**Data records:**
━━━━━━━━

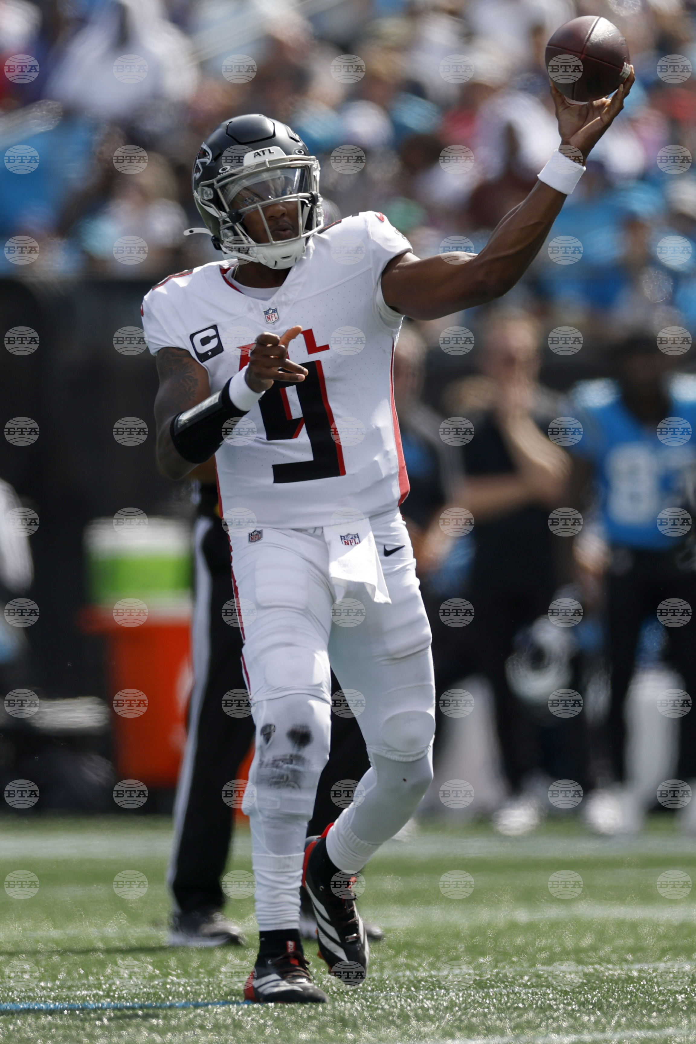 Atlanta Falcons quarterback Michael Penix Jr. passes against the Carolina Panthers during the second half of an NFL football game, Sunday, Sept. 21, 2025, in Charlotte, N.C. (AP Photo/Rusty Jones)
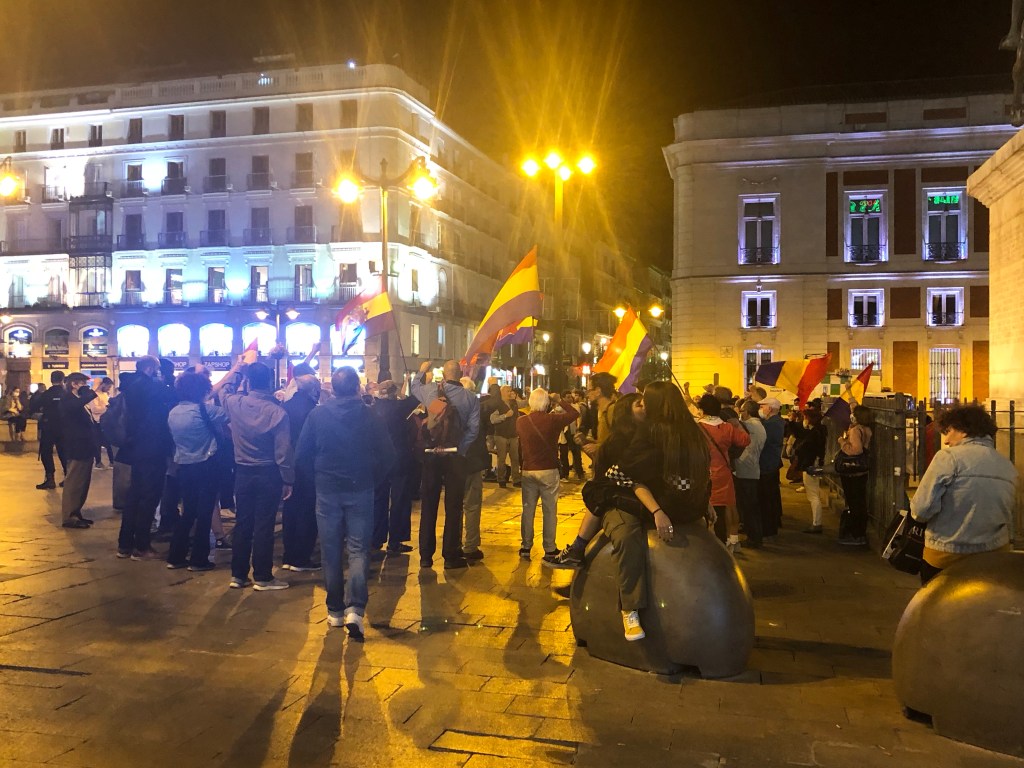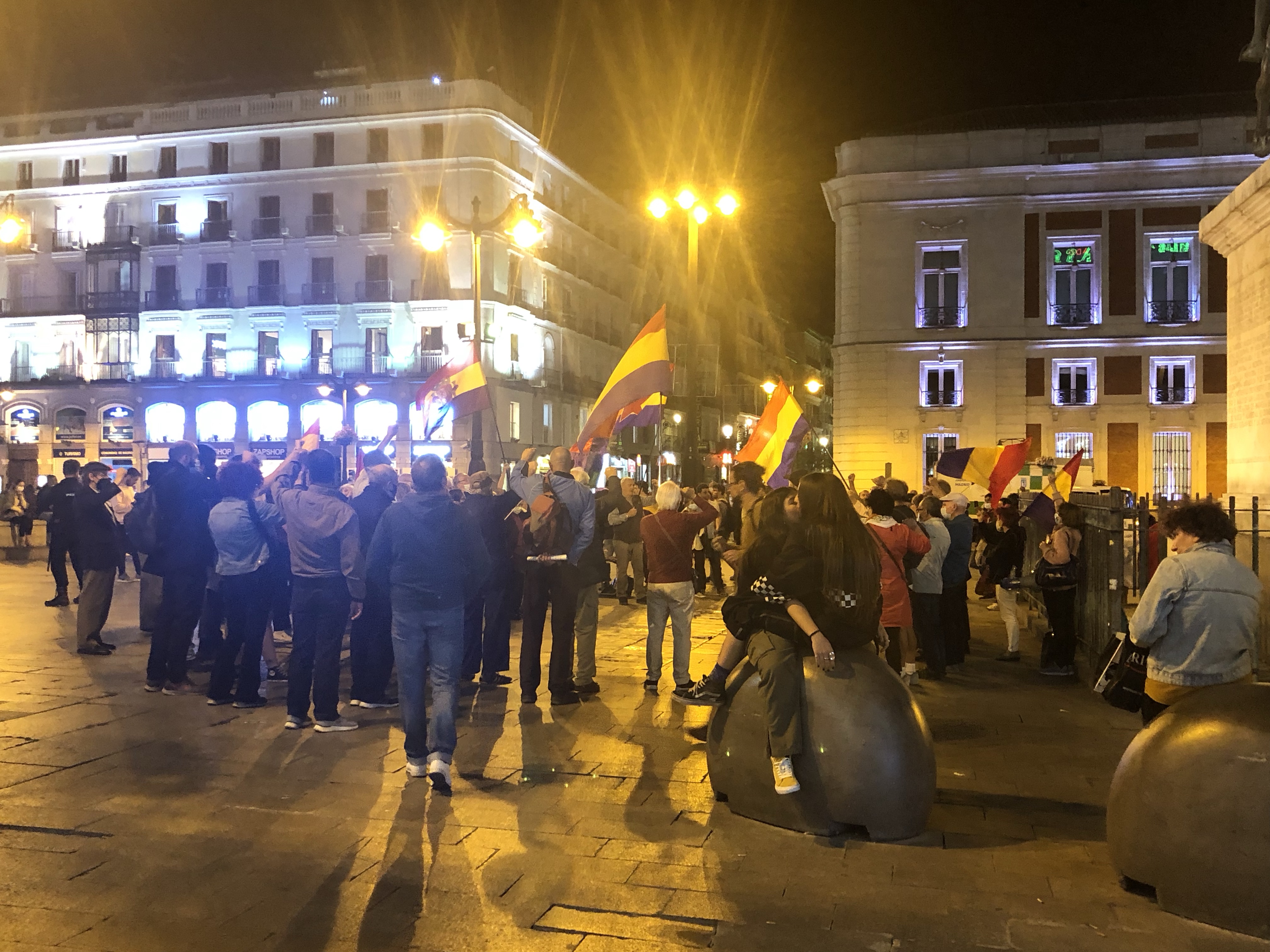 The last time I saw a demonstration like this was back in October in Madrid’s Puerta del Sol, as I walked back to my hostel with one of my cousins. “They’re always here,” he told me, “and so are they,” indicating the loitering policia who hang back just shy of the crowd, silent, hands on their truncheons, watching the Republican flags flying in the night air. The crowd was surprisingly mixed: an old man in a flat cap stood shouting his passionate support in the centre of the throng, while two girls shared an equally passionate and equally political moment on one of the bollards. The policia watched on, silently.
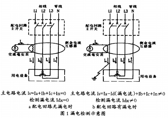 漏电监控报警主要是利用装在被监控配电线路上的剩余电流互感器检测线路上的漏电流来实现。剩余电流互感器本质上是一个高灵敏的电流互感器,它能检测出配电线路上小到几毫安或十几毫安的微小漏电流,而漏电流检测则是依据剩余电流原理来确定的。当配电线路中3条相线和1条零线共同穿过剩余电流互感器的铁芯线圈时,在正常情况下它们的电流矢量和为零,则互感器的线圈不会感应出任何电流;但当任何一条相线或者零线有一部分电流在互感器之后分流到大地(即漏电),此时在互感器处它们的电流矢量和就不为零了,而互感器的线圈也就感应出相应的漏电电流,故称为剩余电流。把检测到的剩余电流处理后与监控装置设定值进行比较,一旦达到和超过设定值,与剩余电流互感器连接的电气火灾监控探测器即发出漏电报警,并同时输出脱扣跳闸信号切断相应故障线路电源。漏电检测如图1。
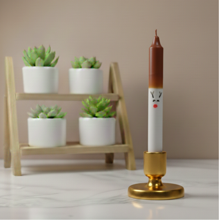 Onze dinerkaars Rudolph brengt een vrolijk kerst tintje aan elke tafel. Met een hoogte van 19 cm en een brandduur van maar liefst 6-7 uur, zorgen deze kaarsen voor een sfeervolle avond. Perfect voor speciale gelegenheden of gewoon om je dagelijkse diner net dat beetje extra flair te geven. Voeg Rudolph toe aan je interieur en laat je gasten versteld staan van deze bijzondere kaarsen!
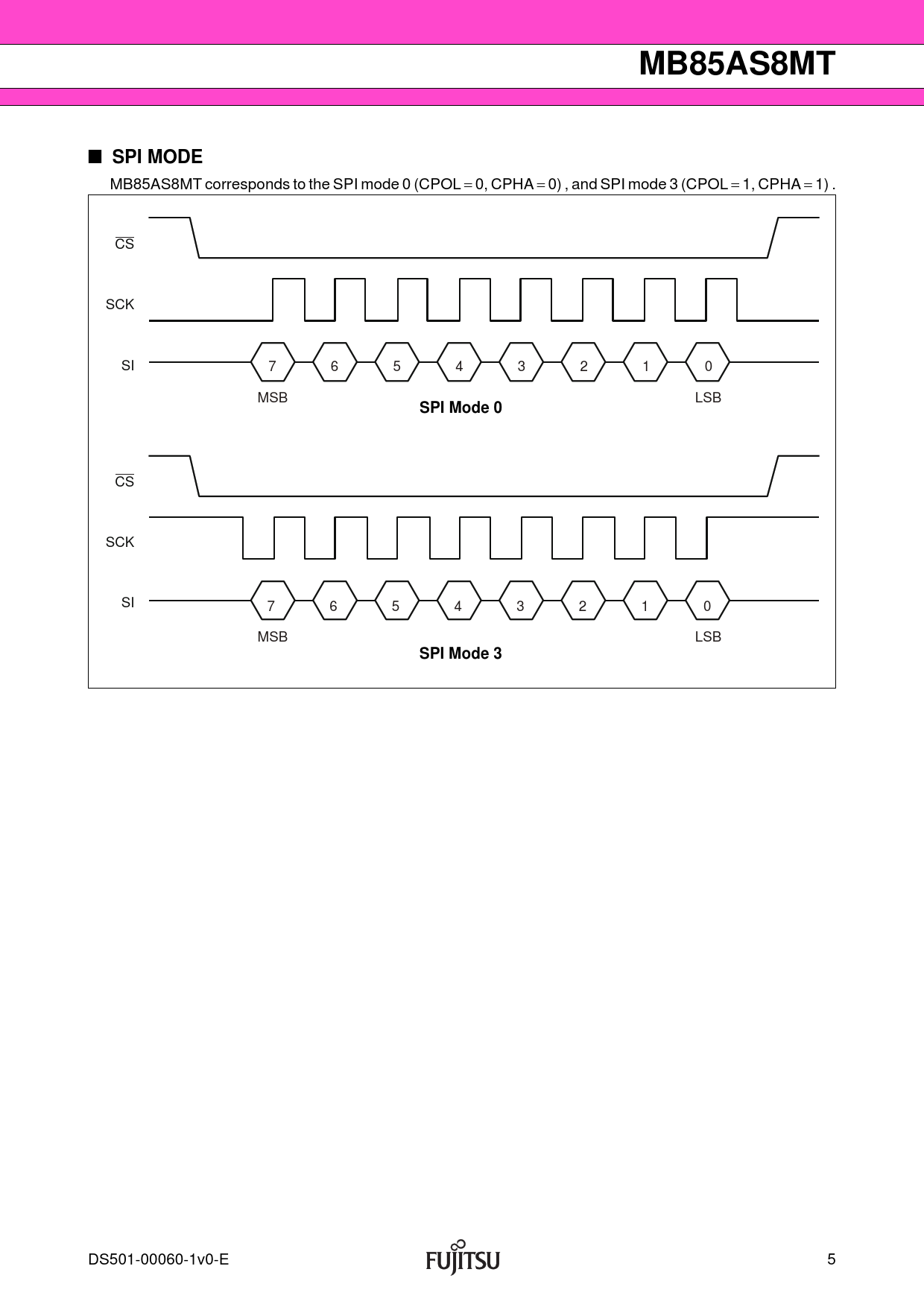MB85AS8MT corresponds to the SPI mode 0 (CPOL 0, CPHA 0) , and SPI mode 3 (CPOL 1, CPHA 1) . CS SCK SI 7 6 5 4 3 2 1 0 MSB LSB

━━━━━━━━

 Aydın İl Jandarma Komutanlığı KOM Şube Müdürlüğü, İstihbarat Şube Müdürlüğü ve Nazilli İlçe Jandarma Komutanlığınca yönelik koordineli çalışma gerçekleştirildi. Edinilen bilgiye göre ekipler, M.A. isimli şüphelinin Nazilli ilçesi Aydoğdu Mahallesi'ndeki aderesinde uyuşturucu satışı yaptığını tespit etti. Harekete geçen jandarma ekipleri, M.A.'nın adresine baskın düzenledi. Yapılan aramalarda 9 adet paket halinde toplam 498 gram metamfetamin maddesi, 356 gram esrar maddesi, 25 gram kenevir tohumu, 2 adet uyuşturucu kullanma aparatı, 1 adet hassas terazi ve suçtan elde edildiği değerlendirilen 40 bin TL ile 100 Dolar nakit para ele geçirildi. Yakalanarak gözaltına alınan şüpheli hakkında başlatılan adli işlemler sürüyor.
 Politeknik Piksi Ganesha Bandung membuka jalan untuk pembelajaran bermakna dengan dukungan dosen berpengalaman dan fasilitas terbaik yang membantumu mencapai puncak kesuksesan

━━━━━━━━

**Task to complete:**
Please return only the lines above, starting at the line that has "Aydın İl Jandarma" and ending at the line that has "Politeknik Piksi Ganesha", keeping both and leaving each one unchanged.

**Answer space:**
 Aydın İl Jandarma Komutanlığı KOM Şube Müdürlüğü, İstihbarat Şube Müdürlüğü ve Nazilli İlçe Jandarma Komutanlığınca yönelik koordineli çalışma gerçekleştirildi. Edinilen bilgiye göre ekipler, M.A. isimli şüphelinin Nazilli ilçesi Aydoğdu Mahallesi'ndeki aderesinde uyuşturucu satışı yaptığını tespit etti. Harekete geçen jandarma ekipleri, M.A.'nın adresine baskın düzenledi. Yapılan aramalarda 9 adet paket halinde toplam 498 gram metamfetamin maddesi, 356 gram esrar maddesi, 25 gram kenevir tohumu, 2 adet uyuşturucu kullanma aparatı, 1 adet hassas terazi ve suçtan elde edildiği değerlendirilen 40 bin TL ile 100 Dolar nakit para ele geçirildi. Yakalanarak gözaltına alınan şüpheli hakkında başlatılan adli işlemler sürüyor.
 Politeknik Piksi Ganesha Bandung membuka jalan untuk pembelajaran bermakna dengan dukungan dosen berpengalaman dan fasilitas terbaik yang membantumu mencapai puncak kesuksesan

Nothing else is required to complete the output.